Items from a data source

━━━━━━━━━━

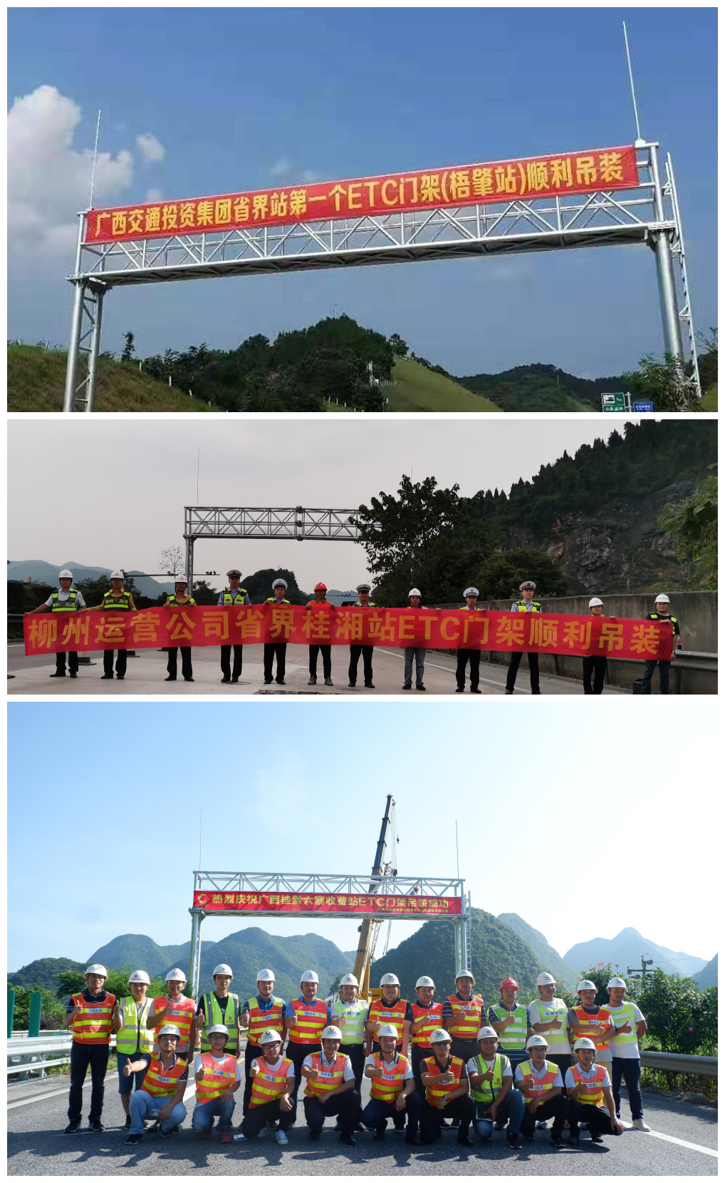 對工程建設中存在的問題,各駐點工作隊、職能小組主動認賬擔責,落細落小,整改到位。欽崇片區(qū)、柳州片區(qū)著眼當前工作重點,以實實在在的改變?yōu)楦髌瑓^(qū)整改問題作出表率,欽崇片區(qū)整改后門架整體施工時間比原來縮短1小時,交通管制時間縮短一半,極大地加快了施工效率,欽崇片區(qū)預計在未來3天內連續(xù)吊裝5個門架,力爭打造集團首例連續(xù)多套門架吊裝作業(yè)示范點。柳州片區(qū)柳南高速因地制宜,結合時段車流量特點,靈活調度,將入場時間調整至早晨6:00,最大限度降低因施工造成的車輛擁堵現象,在強有力的組織舉措下,柳州片區(qū)一天內完成了4個門架吊裝,其中省界門架2個。各片區(qū)比學趕超氛圍濃厚,全面掀起了工程建設熱潮。
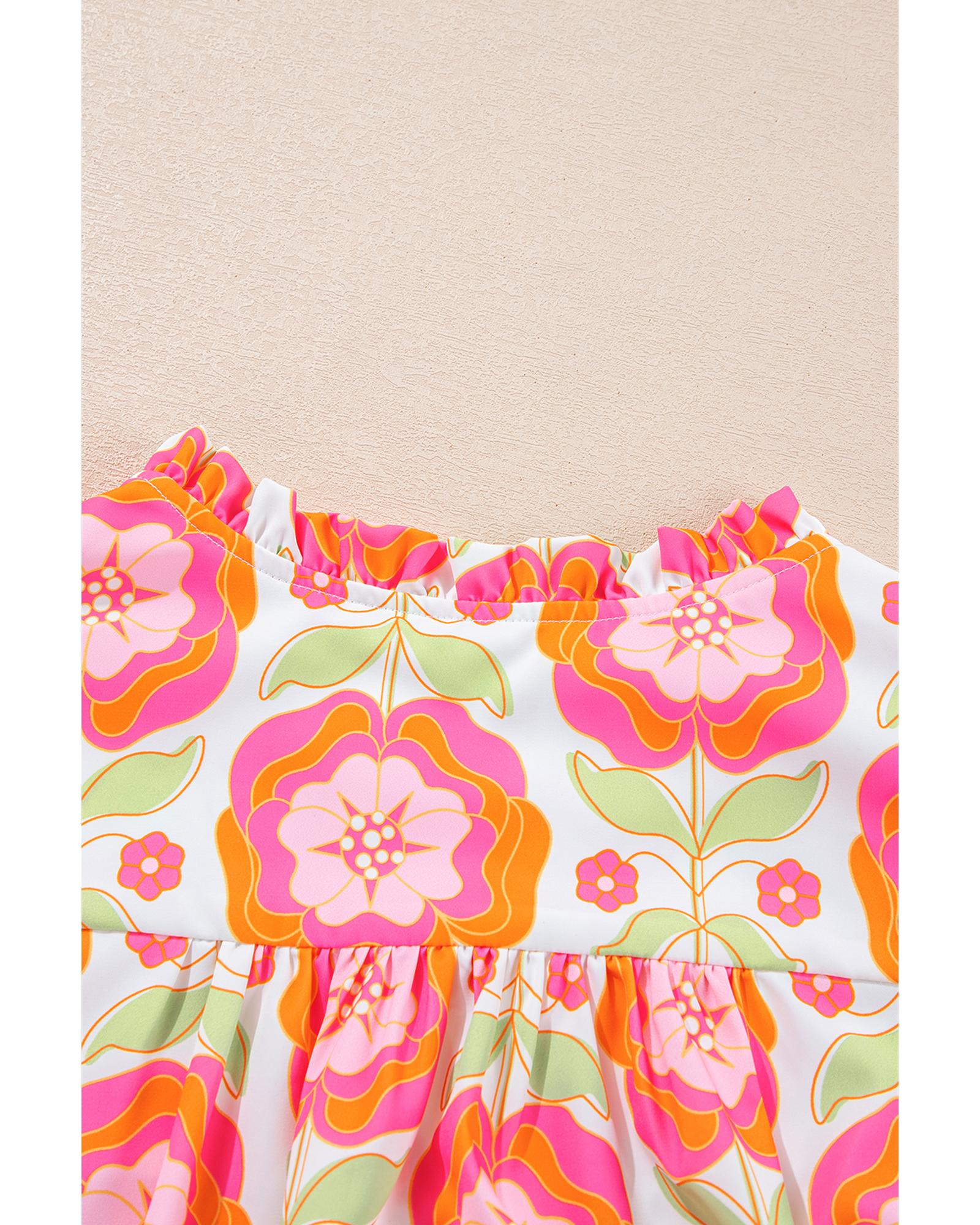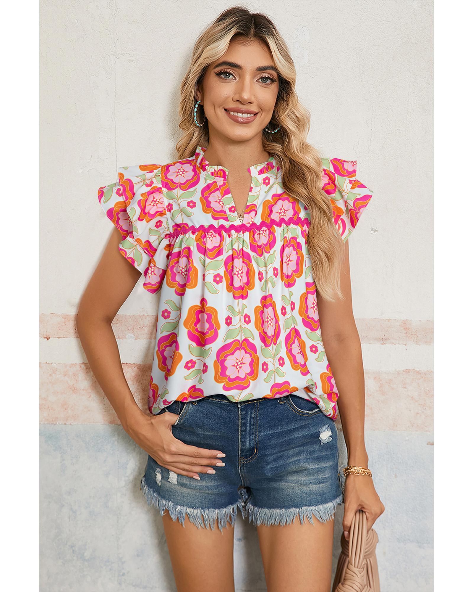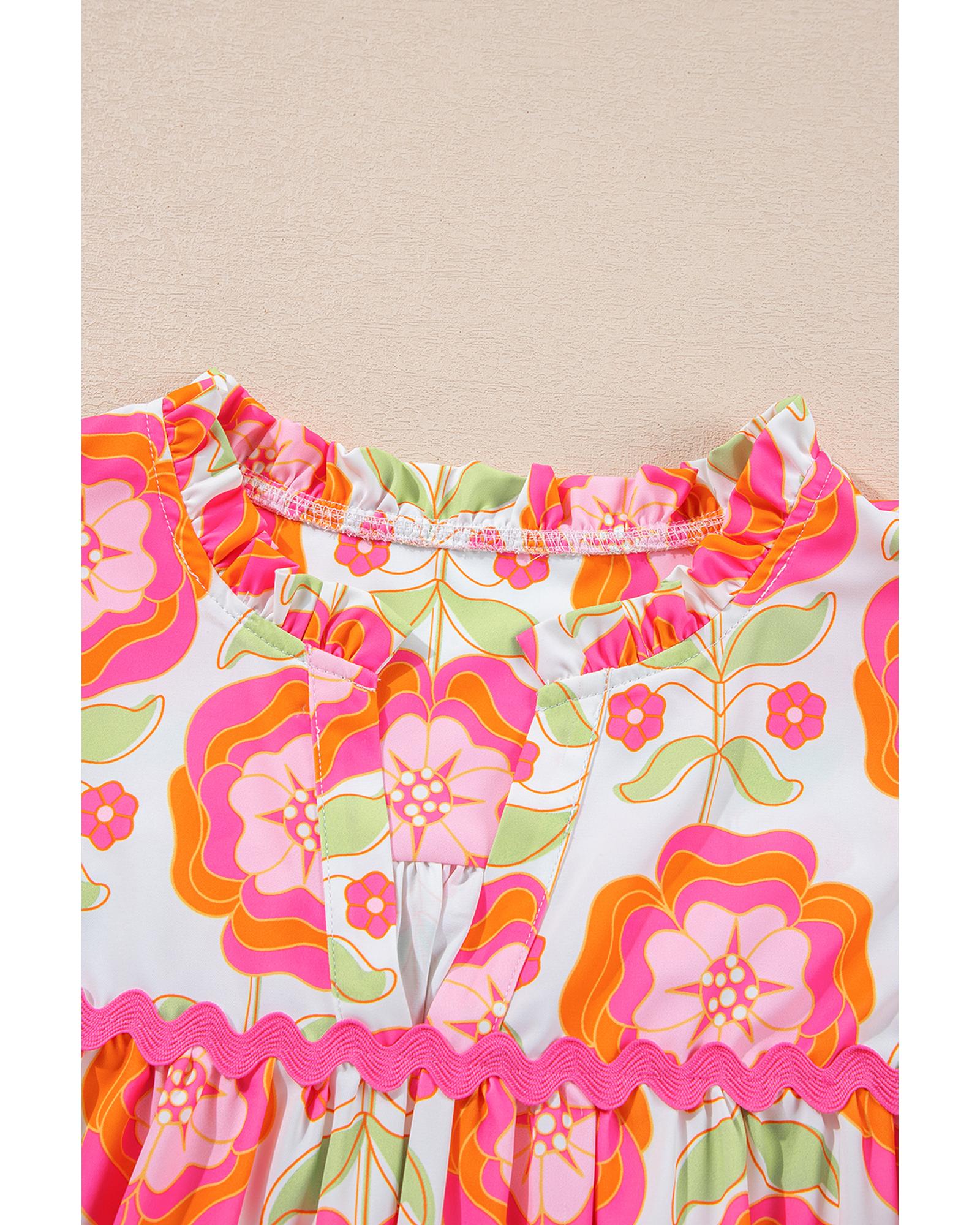 Rose Floral Ruffled Sleeve Ric-rac Trim Split Neck Loose Blouse – XL
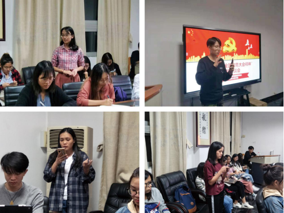 宣传部部长刘晓茜对宣传部两个月来的工作成绩进行梳理,反省了不足并制定了相应的提升计划。实践部部长邝钰雯汇报了三下乡表彰大会的举办情况,简述了实践部十一月份的秋季招聘会工作计划并呼吁各部门积极配合。本科组织部部长何晓斐对志愿活动的组织情况和团管关系转接的情况进行了汇报,未来打算完善工作流程,督促班级团日活动的开展。
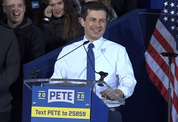 Do not be alarmed by that nearly two-hour timestamp on the video; we have advanced the start point to when Buttigieg actually takes the stage, whew. So it's right around a half hour.
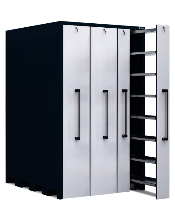 Der Vertikallagerschrank mit 7 Universalwannen pro Auszug
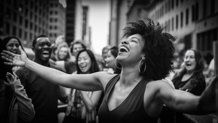 Join the vibrant Juneteenth celebration with this powerful photograph of a diverse black group raising arms in support of racial equality. The image captures the essence of unity, empowerment, and the joyous spirit of commemorating freedom and heritage.

━━━━━━━━━━

Assignment
Give back each entry exactly as it appears. Leave pictures out.

Result for this task
 對工程建設中存在的問題,各駐點工作隊、職能小組主動認賬擔責,落細落小,整改到位。欽崇片區(qū)、柳州片區(qū)著眼當前工作重點,以實實在在的改變?yōu)楦髌瑓^(qū)整改問題作出表率,欽崇片區(qū)整改后門架整體施工時間比原來縮短1小時,交通管制時間縮短一半,極大地加快了施工效率,欽崇片區(qū)預計在未來3天內連續(xù)吊裝5個門架,力爭打造集團首例連續(xù)多套門架吊裝作業(yè)示范點。柳州片區(qū)柳南高速因地制宜,結合時段車流量特點,靈活調度,將入場時間調整至早晨6:00,最大限度降低因施工造成的車輛擁堵現象,在強有力的組織舉措下,柳州片區(qū)一天內完成了4個門架吊裝,其中省界門架2個。各片區(qū)比學趕超氛圍濃厚,全面掀起了工程建設熱潮。
 Rose Floral Ruffled Sleeve Ric-rac Trim Split Neck Loose Blouse – XL
 宣传部部长刘晓茜对宣传部两个月来的工作成绩进行梳理,反省了不足并制定了相应的提升计划。实践部部长邝钰雯汇报了三下乡表彰大会的举办情况,简述了实践部十一月份的秋季招聘会工作计划并呼吁各部门积极配合。本科组织部部长何晓斐对志愿活动的组织情况和团管关系转接的情况进行了汇报,未来打算完善工作流程,督促班级团日活动的开展。
 Do not be alarmed by that nearly two-hour timestamp on the video; we have advanced the start point to when Buttigieg actually takes the stage, whew. So it's right around a half hour.
 Der Vertikallagerschrank mit 7 Universalwannen pro Auszug
 Join the vibrant Juneteenth celebration with this powerful photograph of a diverse black group raising arms in support of racial equality. The image captures the essence of unity, empowerment, and the joyous spirit of commemorating freedom and heritage.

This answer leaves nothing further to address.